§ **WHAT YOU HAVE TO DO**:
Keep the images out and set the listing below down word for word.

§ **TASK INPUTS**:
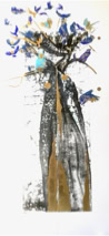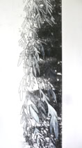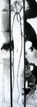 Encre de chine et fleurs de polyester s’échappant du tableau
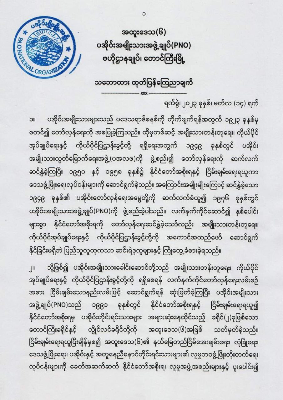 ပအိုဝ်းဒေသ ပင်လောင်း နန်းနိမ့်ရွာ အစုအပြုံလိုက်သတ်ဖြတ်ခံရမှုဖြစ်စဉ်မှာ “KNDF”နှင့်အပေါင်းပါအဖွဲ့အစည်းများ ကျူးလွန်ခဲ့ကြောင်း PNO ထုတ်ပြန်
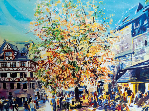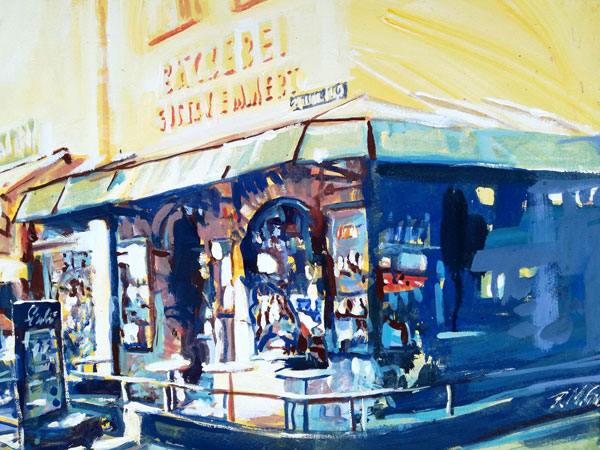 Die Arbeiten entstehen direkt vor den Motiven, also Plein Air. Das Licht und das Geschehen an den Gebäuden und Orten fließen in die Bilder mit ein. Natürlich ist es etwas Besonderes, im Freien zu arbeiten. Menschen sprechen sie an, der Wind und das Wetter wirken auf sie ein, die Lichtstimmung ändert sich...
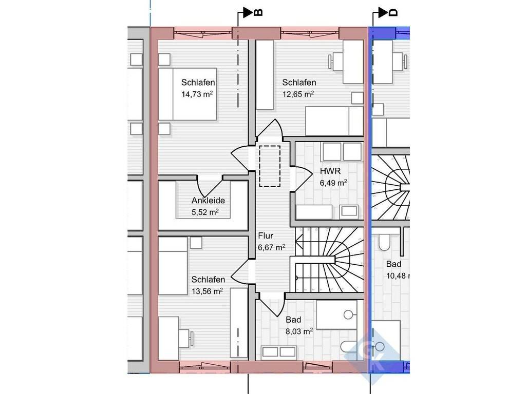 - 2ème étage : hall de nuit (6,67 m²), chambre avec dressing (20,25), deux autres chambres (13,56 et 12,65 m²), salle de bains (8,03 m²), buanderie (6,49 m²)
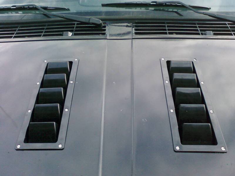 I think that I may end up going with marine vents. Some of the options are pretty nice, and I'd expect them to cool and look better than a standard louvered panel. The only potential issue is that most of them are made of ABS plastic. The melting temperature is 221* and the max recommended temperature 176*. I've been monitoring my under-hood temperature for the past few days and haven't seen it go above 152*, and that was near the exhaust manifold and about 1" above the air intake.
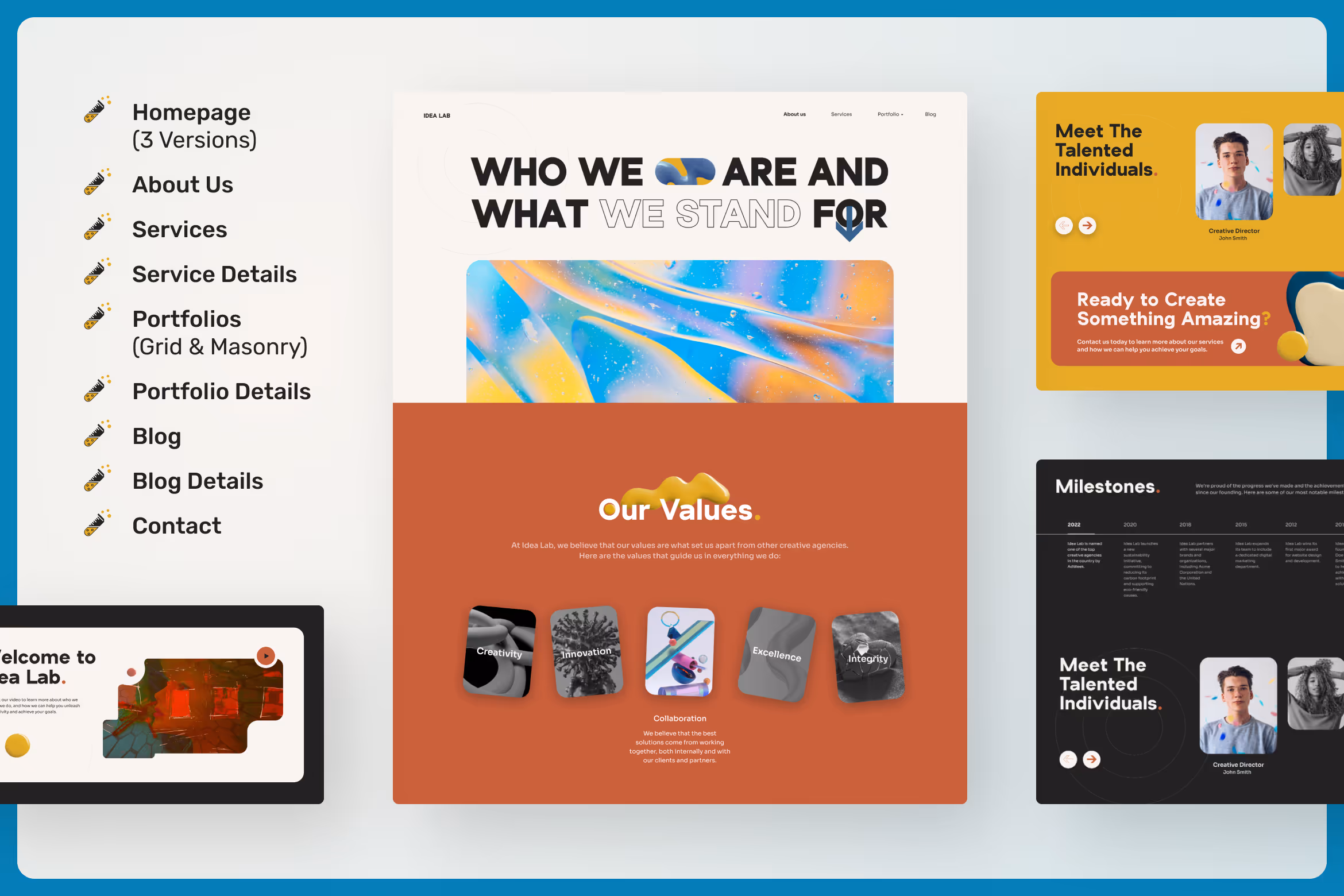 As someone involved in creative business, you should show your creativity in every aspect. One of the most significant places to show your brand image is on your business website. As the public face, you must have a good design that is convenient for your website visitors and for you as the user. It also must align with the vibe you want to introduce to the public. If what you need is a warm and clean website design, Idea Lab, the warm earthy creative agency website template, is a perfect choice. This template is perfect for creative agencies, digital marketing businesses, or similar businesses.

§ **TASK RESULT**:
 Encre de chine et fleurs de polyester s’échappant du tableau
 ပအိုဝ်းဒေသ ပင်လောင်း နန်းနိမ့်ရွာ အစုအပြုံလိုက်သတ်ဖြတ်ခံရမှုဖြစ်စဉ်မှာ “KNDF”နှင့်အပေါင်းပါအဖွဲ့အစည်းများ ကျူးလွန်ခဲ့ကြောင်း PNO ထုတ်ပြန်
 Die Arbeiten entstehen direkt vor den Motiven, also Plein Air. Das Licht und das Geschehen an den Gebäuden und Orten fließen in die Bilder mit ein. Natürlich ist es etwas Besonderes, im Freien zu arbeiten. Menschen sprechen sie an, der Wind und das Wetter wirken auf sie ein, die Lichtstimmung ändert sich...
 - 2ème étage : hall de nuit (6,67 m²), chambre avec dressing (20,25), deux autres chambres (13,56 et 12,65 m²), salle de bains (8,03 m²), buanderie (6,49 m²)
 I think that I may end up going with marine vents. Some of the options are pretty nice, and I'd expect them to cool and look better than a standard louvered panel. The only potential issue is that most of them are made of ABS plastic. The melting temperature is 221* and the max recommended temperature 176*. I've been monitoring my under-hood temperature for the past few days and haven't seen it go above 152*, and that was near the exhaust manifold and about 1" above the air intake.
 As someone involved in creative business, you should show your creativity in every aspect. One of the most significant places to show your brand image is on your business website. As the public face, you must have a good design that is convenient for your website visitors and for you as the user. It also must align with the vibe you want to introduce to the public. If what you need is a warm and clean website design, Idea Lab, the warm earthy creative agency website template, is a perfect choice. This template is perfect for creative agencies, digital marketing businesses, or similar businesses.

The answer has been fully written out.